• [INPUT FOR THIS TASK]

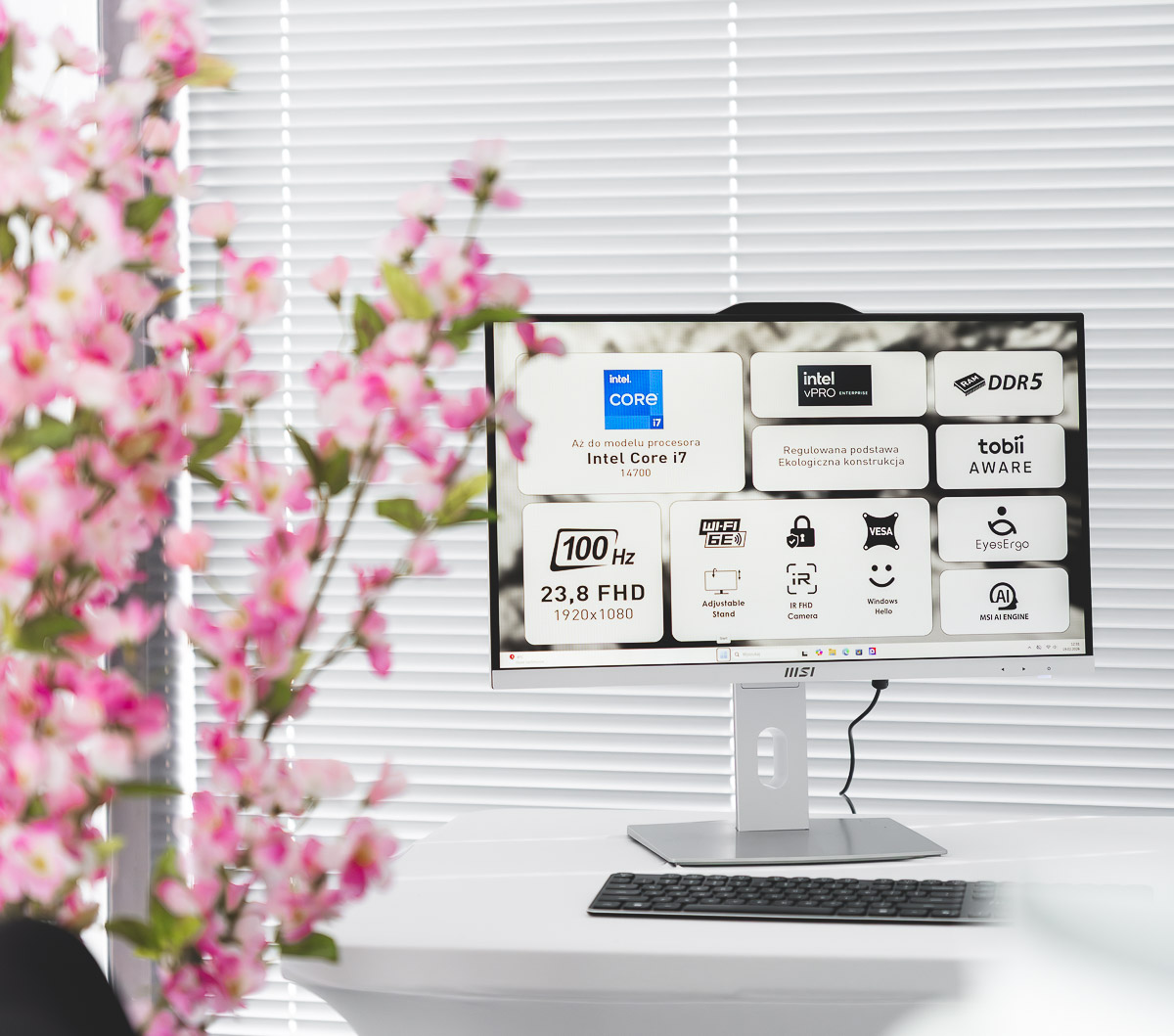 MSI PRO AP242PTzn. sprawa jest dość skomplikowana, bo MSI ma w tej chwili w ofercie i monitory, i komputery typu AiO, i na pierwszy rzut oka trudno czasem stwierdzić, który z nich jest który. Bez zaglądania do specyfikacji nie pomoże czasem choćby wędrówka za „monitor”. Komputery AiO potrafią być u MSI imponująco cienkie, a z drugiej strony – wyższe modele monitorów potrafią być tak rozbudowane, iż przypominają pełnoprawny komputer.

---

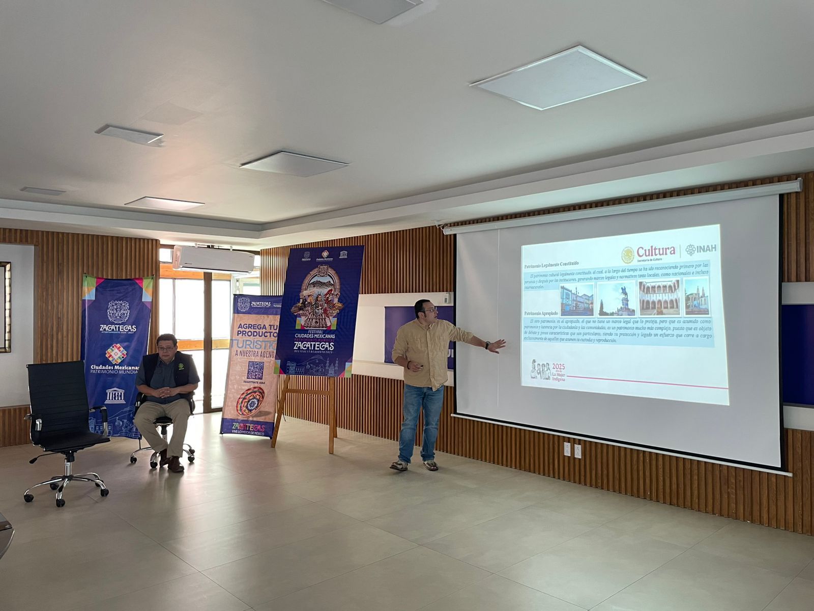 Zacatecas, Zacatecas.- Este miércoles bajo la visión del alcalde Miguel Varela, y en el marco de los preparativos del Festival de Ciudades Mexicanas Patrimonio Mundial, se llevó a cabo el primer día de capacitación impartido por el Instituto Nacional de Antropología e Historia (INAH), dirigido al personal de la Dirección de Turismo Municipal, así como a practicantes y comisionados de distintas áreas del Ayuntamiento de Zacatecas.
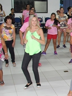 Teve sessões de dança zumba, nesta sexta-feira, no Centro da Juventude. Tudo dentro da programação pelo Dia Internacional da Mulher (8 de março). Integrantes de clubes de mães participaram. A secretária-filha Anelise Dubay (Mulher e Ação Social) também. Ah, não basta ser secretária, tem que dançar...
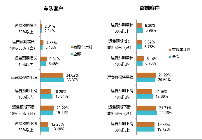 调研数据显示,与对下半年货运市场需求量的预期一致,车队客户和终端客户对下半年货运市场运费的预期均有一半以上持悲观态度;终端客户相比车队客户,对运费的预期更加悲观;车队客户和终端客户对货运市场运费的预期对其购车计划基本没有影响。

• [TO DO]
Go back to the listing above and write out the lines starting at the one with "Zacatecas, Zacatecas.- Este" and ending at the one with "Teve sessões de", inclusive, exactly and without pictures.

• [ANSWER TO THIS TASK]
 Zacatecas, Zacatecas.- Este miércoles bajo la visión del alcalde Miguel Varela, y en el marco de los preparativos del Festival de Ciudades Mexicanas Patrimonio Mundial, se llevó a cabo el primer día de capacitación impartido por el Instituto Nacional de Antropología e Historia (INAH), dirigido al personal de la Dirección de Turismo Municipal, así como a practicantes y comisionados de distintas áreas del Ayuntamiento de Zacatecas.
 Teve sessões de dança zumba, nesta sexta-feira, no Centro da Juventude. Tudo dentro da programação pelo Dia Internacional da Mulher (8 de março). Integrantes de clubes de mães participaram. A secretária-filha Anelise Dubay (Mulher e Ação Social) também. Ah, não basta ser secretária, tem que dançar...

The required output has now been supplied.